Python is the most popular language for web scraping - and for good reason. Its readable syntax, massive library ecosystem, and active community make it the go-to choice for extracting data from websites. Whether you're building a price tracker, collecting research data, or feeding web content into an AI pipeline, Python has a library that fits.
This guide covers everything you need to build a Python web scraper in 2026: the best libraries (including newer alternatives to the classics), working code examples you can run immediately, and strategies for handling the challenges you'll inevitably hit - CAPTCHAs, JavaScript rendering, IP blocks, and more.

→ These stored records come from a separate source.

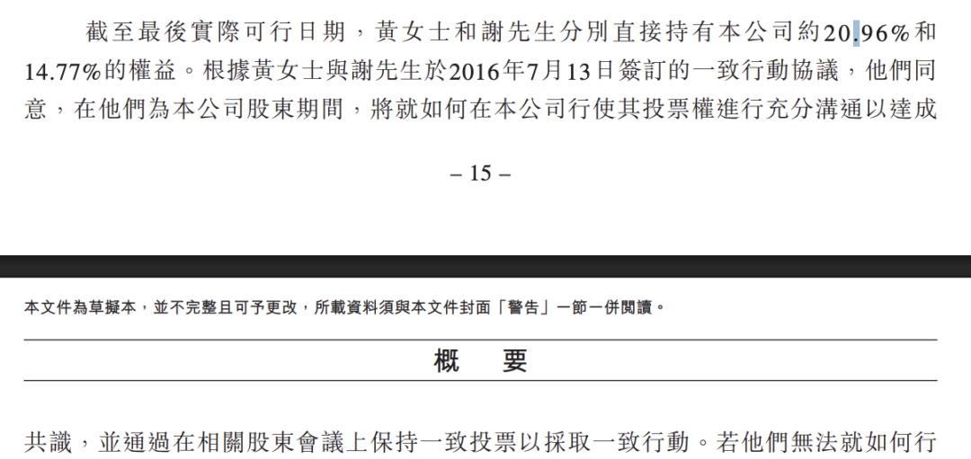双方于2016年7月签署一致行动协议,约定在股东投票时保持一致,两人共同作为控股股东控制公司。
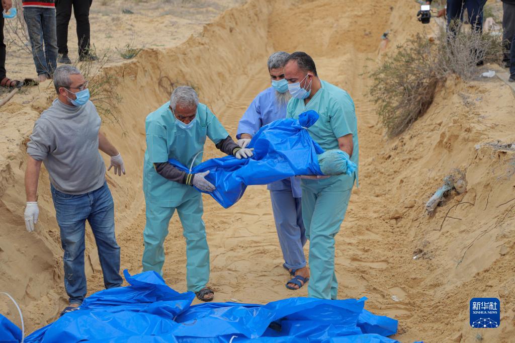 11月22日,人们在加沙地带南部城市汗尤尼斯埋葬巴以冲突遇难者。
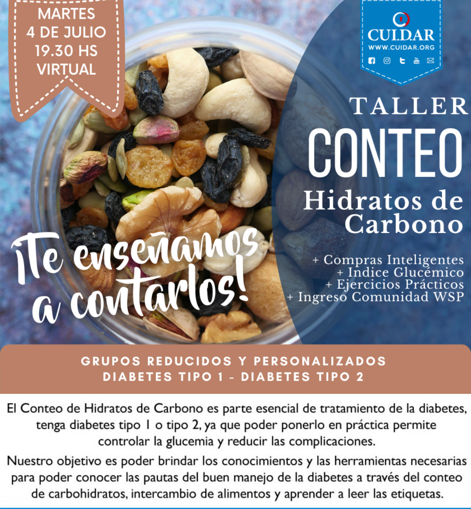 Taller de Conteo de Carbohidratos y Alimentación Saludable para toda la Familia - Edición 2024. Virtual. Julio
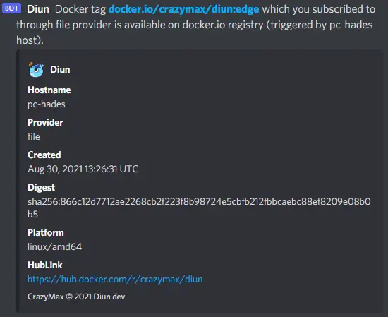 This will notify you in all supported applications, just like what we have received on Discord: the hostname, provider, the date it was created, platform and the Docker Hub link.
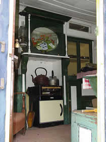 A well preserved interior includes a reproduction Queenie stove, bed, cupboards, decorative mirrors, swivel lamp, etc.
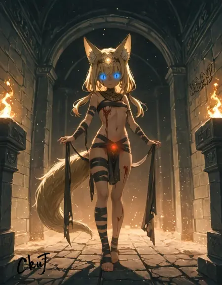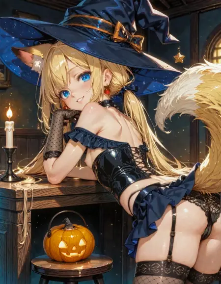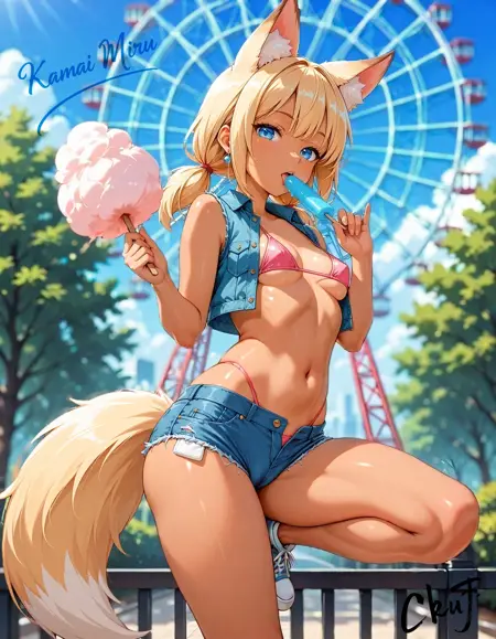 Its a high-quality LoRA for creating adorable fox character with a unique style. A slender girl with long yellow pigtails, bright blue eyes, and fox ears and tail. Focusing on an elegant and slightly playful aesthetic with fox girl details, including an expressive face with a sly smile and memorable features. Perfect for creating anime and gacha looks, including both casual and provocative clothing.
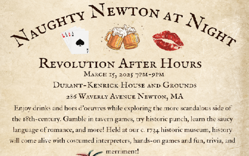 Historic Newton will host Naughty Newton at Night: Revolution After Hours, a 21+ cocktail party where participants can explore the more scandalous topics of the American revolution such as favorite alcoholic beverages and commonly worn underwear types. The event will take place on Saturday, March 15, 7-9PM at the Durant-Kenrick…
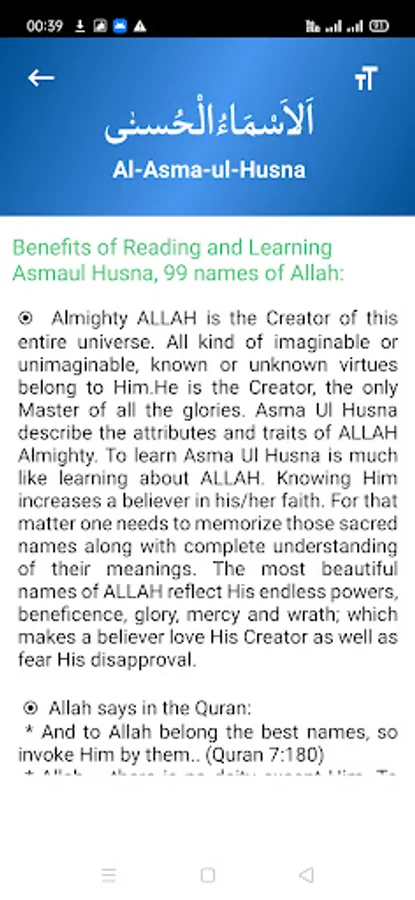 Assalamu-Alaikum, Checkout this app to learn and read 'Asma-Ul-Husna'.
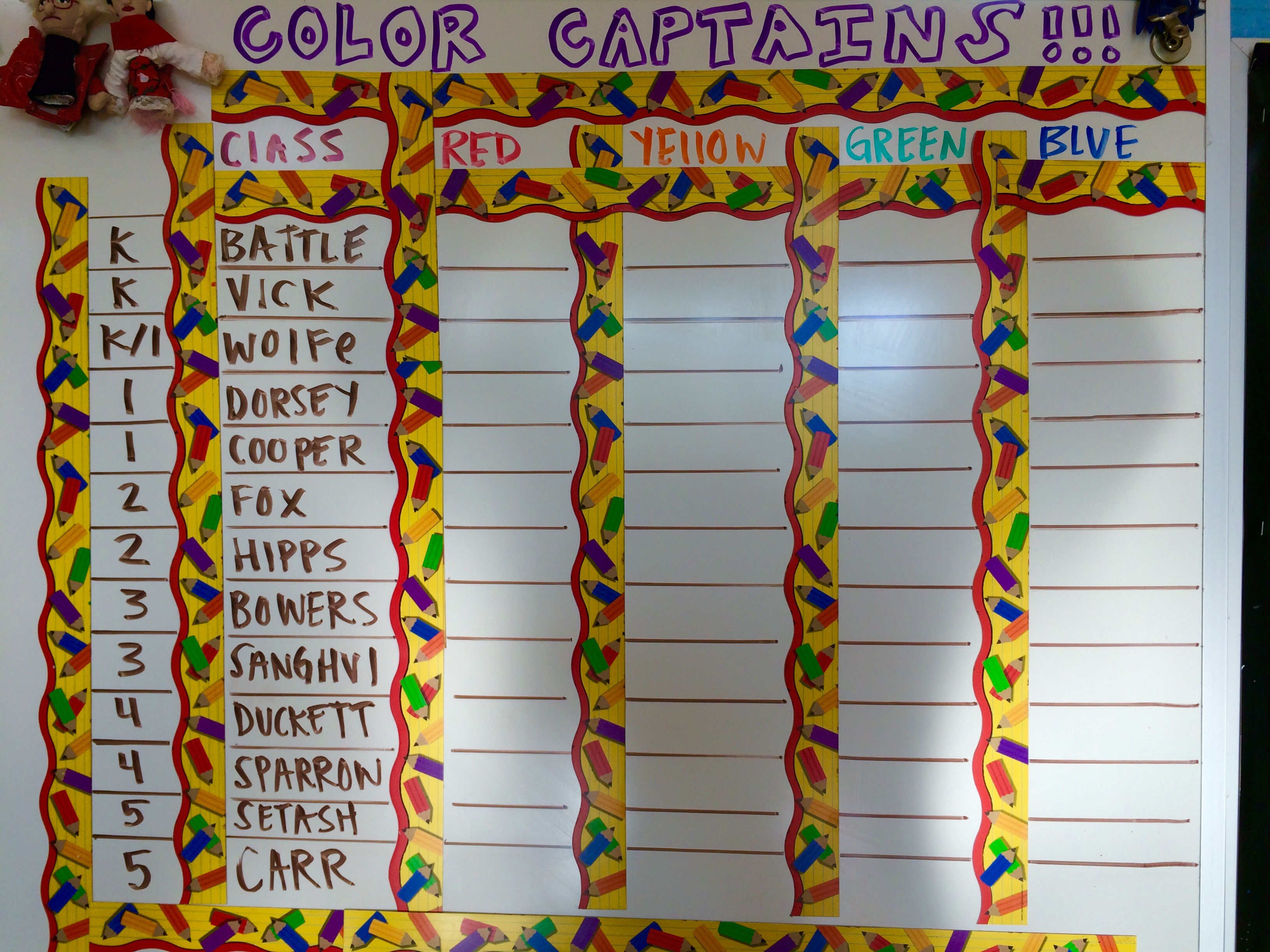 Color Captains rotate every few weeks and lead the clean up charge for their table
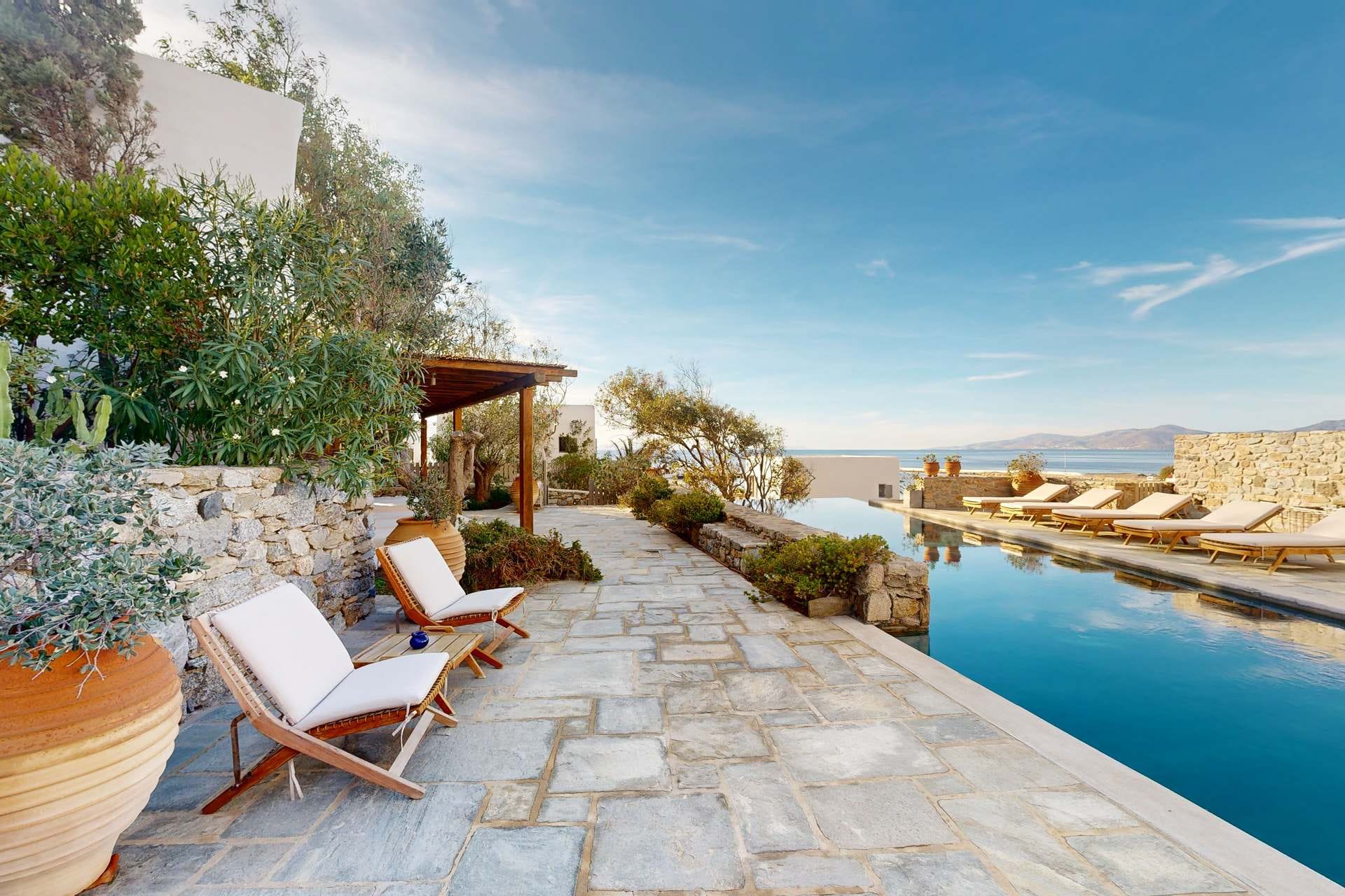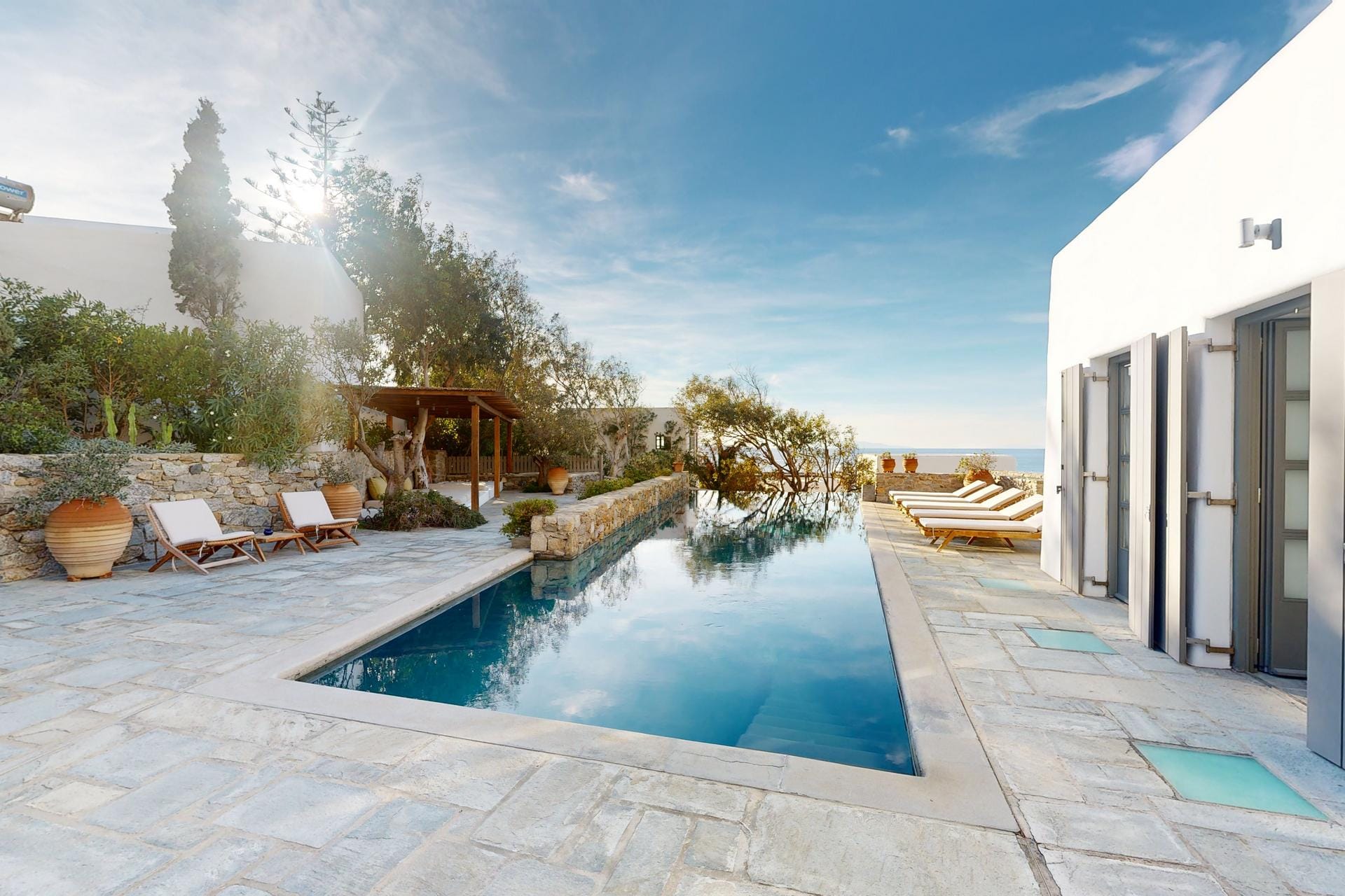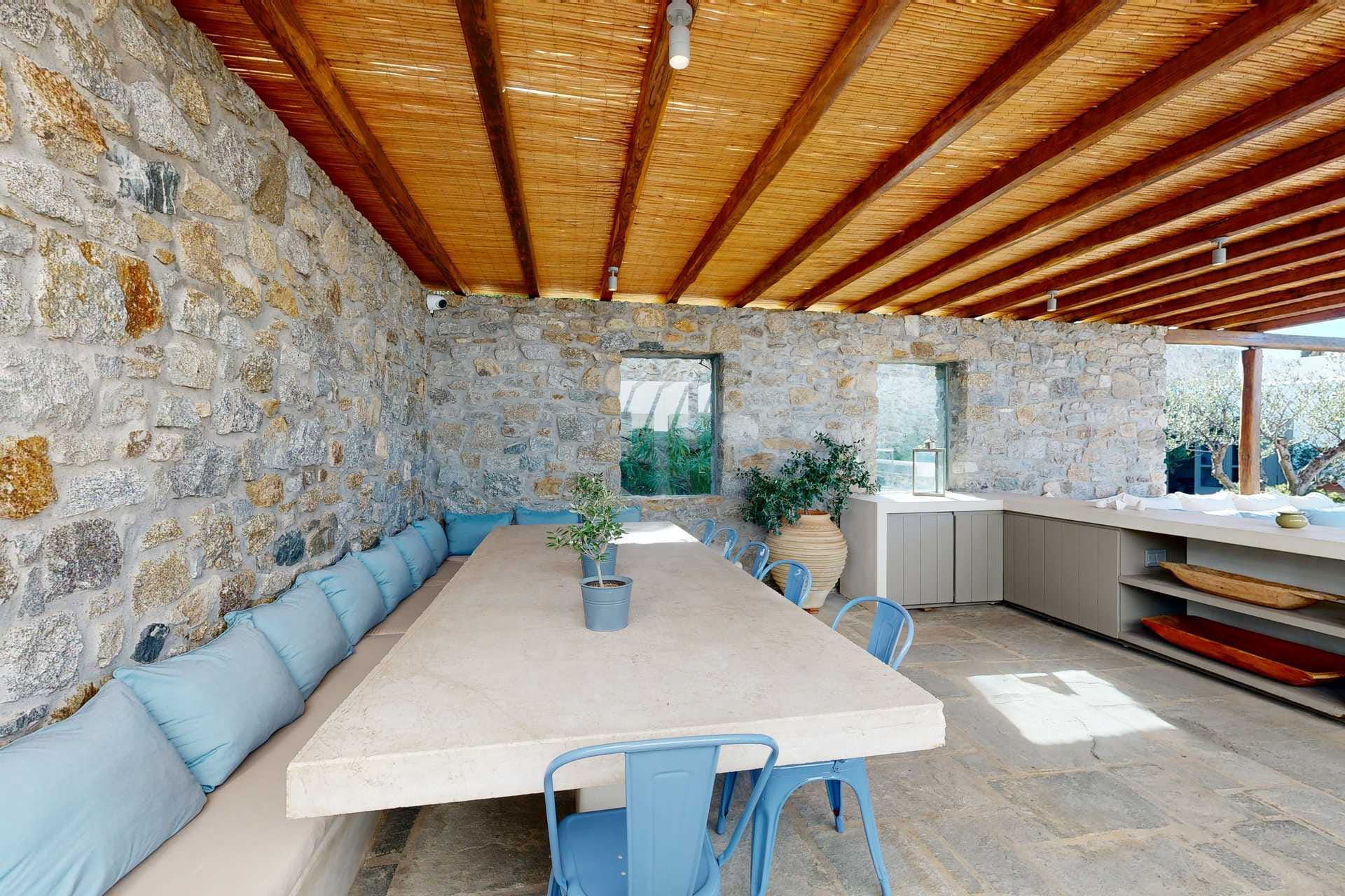 Panormos Bay Premium Villa 2 hosts a stylish bedroom, en suite luxurious bathroom with rainfall shower, an airy living room with a contemporary minimalist kitchenette and a sun kissed capacious private terrace embracing a private pool bounded by stylish and comfy sunbeds, a generous shaded sitting area and a stone-built BBQ. The perfect choice for guests wishing to sojourn with bespoke intimacy in an opulent environment.

If you'd rather skip the coding entirely, we also cover the no-code alternative that lets you extract data from any website in 2 minutes.
What is web scraping?
Web scraping is the automated process of extracting data from websites. Instead of manually copying information, a scraper makes HTTP requests to web pages, parses the HTML content, and pulls out the specific data you need - product prices, job listings, contact information, search results, or any other structured data.
The extracted data is typically saved to a spreadsheet, database, or API for analysis, monitoring, or integration into business workflows.
Prerequisites: what you need before you start
Before writing your first scraper, you'll need three things:
- Python 3.8+ - Download from python.org. Most systems come with Python pre-installed; run
python3 --versionto check. - A code editor - VS Code, PyCharm, or even Jupyter Notebook. Any editor with Python support works.
- pip - Python's package manager (included with Python 3.4+). You'll use it to install scraping libraries.
Setting up your Python environment
Always use a virtual environment to keep your scraping dependencies isolated from other projects:
# Create a virtual environment
python3 -m venv scraping-env
# Activate it
source scraping-env/bin/activate # macOS/Linux
scraping-env\Scripts\activate # Windows
# Install the core libraries
pip install requests beautifulsoup4 lxml
Virtual environments prevent dependency conflicts and make your project reproducible. When you share your project or deploy it to a server, others can recreate your exact setup with pip install -r requirements.txt.
Choosing a Python web scraping library
Python offers several libraries for web scraping, each designed for different scenarios. Here's how the major ones compare:
| Library | Best For | JavaScript Support | Learning Curve | Speed |
|---|---|---|---|---|
| Requests + BeautifulSoup | Static HTML pages | ❌ No | Easy | Fast |
| Selenium | Dynamic/JS-heavy pages, form interactions | ✅ Full browser | Medium | Slow |
| Playwright | Modern JS apps, headless automation | ✅ Full browser | Medium | Medium |
| Scrapy | Large-scale crawling, spider frameworks | ❌ No (needs plugins) | Steep | Very fast |
| httpx + selectolax | High-performance async scraping | ❌ No | Medium | Very fast |
Quick recommendation: Start with Requests + BeautifulSoup for static pages. If the page requires JavaScript, use Playwright (the modern replacement for Selenium). For large-scale crawling, use Scrapy.
Making HTTP requests with Requests
The requests library handles fetching web pages. It's the foundation of most Python scrapers.
Basic GET request
import requests
response = requests.get('https://example.com')
# Always check the status code
if response.status_code == 200:
html = response.text
print(f"Got {len(html)} characters")
else:
print(f"Failed with status: {response.status_code}")
Setting headers to avoid blocks
Many websites block requests that don't include a realistic User-Agent header. Always set one:
headers = {
'User-Agent': 'Mozilla/5.0 (Windows NT 10.0; Win64; x64) AppleWebKit/537.36 (KHTML, like Gecko) Chrome/120.0.0.0 Safari/537.36'
}
response = requests.get('https://example.com', headers=headers)
Handling timeouts and retries
from requests.adapters import HTTPAdapter
from urllib3.util.retry import Retry
session = requests.Session()
retries = Retry(total=3, backoff_factor=1, status_forcelist=[429, 500, 502, 503])
session.mount('https://', HTTPAdapter(max_retries=retries))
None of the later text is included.